Although SANs are by nature shared storage environments, virtualization does not automatically follow. Even in a storage area network, there are technical limitations to servers sharing their storage devices over Fibre Channel or IP. Servers still communicate with their storage devices using SCSI protocols and must meet certain SCSI requirements. For example, servers do not want to be confronted by a large pool of amorphous storage. They expect to see specific targets with addresses containing a target ID and logical unit number (LUN). In addition, some hosts will grab any LUN they can see, regardless of what the storage administrator meant to do. Such hosts may also compete for the same device, unwittingly over-writing each other's data. Because of this, storage administrators commonly zone their Fibre Channel switches to block other servers from seeing the same devices. A related approach is called LUN masking, which renders certain LUNs invisible to other servers even in the same zone. This keeps the stora ge intact and secure, but whittles away at the SAN's reason for existence: the ability to share storage among application servers.

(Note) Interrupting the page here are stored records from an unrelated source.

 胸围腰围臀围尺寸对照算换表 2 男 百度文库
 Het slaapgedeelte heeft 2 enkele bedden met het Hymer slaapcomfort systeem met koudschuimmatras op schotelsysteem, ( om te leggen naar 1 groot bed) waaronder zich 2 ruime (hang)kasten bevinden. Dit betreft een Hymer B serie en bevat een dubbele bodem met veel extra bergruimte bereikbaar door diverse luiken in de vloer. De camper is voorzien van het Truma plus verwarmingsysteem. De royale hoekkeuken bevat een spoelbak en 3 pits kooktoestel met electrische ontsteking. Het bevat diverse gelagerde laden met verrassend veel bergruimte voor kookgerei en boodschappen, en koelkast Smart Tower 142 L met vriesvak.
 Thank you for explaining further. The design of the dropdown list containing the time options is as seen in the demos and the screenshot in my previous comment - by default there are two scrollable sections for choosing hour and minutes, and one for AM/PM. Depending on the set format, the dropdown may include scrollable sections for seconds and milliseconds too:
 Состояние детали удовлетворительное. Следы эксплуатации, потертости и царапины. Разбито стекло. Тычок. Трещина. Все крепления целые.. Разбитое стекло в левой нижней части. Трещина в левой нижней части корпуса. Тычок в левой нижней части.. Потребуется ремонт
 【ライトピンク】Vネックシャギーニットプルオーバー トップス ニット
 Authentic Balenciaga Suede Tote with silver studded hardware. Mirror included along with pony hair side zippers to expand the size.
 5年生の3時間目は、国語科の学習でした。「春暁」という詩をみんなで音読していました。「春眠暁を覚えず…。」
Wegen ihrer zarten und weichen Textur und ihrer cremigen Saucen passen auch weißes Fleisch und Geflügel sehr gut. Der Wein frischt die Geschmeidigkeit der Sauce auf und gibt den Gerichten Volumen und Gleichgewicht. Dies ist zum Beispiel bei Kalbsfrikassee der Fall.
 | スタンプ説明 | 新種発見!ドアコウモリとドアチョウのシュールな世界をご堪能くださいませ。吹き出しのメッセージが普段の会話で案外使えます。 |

To get around these limitations, block virtualization presents virtual layers that appear between the servers and physical storage devices. Actual blocks may be stored across different storage devices, while the storage administrators create virtual devices by virtually partitioning a single disk, or aggregating multiple disks to widen the storage pool. The servers no longer see (and try to grab) specific physical targets, but instead "discover" logical volumes for their exclusive use. The servers send their storage directly to the virtual volumes, happily thinking they are their direct-attached property. In fact, these logical volumes are highly flexible.
For example, Fujitsu Softek's Virtualization application, which is built on a DataCore engine, builds a transparent layer between the application server and storage devices. The virtualized layer shows the application server a set of devices optimized for its needs. Meanwhile the virtualization engine maps the virtual devices to actual physical devices. As is common with these types of virtualization schemes, the engine also uses advanced caching, local and remote mirroring, and snapshot capabilities to optimize and protect the virtualized storage.
File-level virtualization requires global distributed file systems, or what passes for global file systems: proxy-like file systems that push data through a centralized server. These file systems process file requests from different operating systems and translate them into common commands for the target storage device. File virtualization (which can work in DAS and NAS as well as SAN), provides a virtual file system layer between files and block level storage. This virtual file system allows the administrator to manage files on virtual volumes, while in fact the files are scattered across different physical devices. Note that simply using a distributed file system does not equal virtualization--for example, NAS appliances and clusters often use such file systems to allow different applications or operating systems to access the same files. But if the global file system additionally allows the storage administrator to create and administer a storage pool, it is a virtualization technology.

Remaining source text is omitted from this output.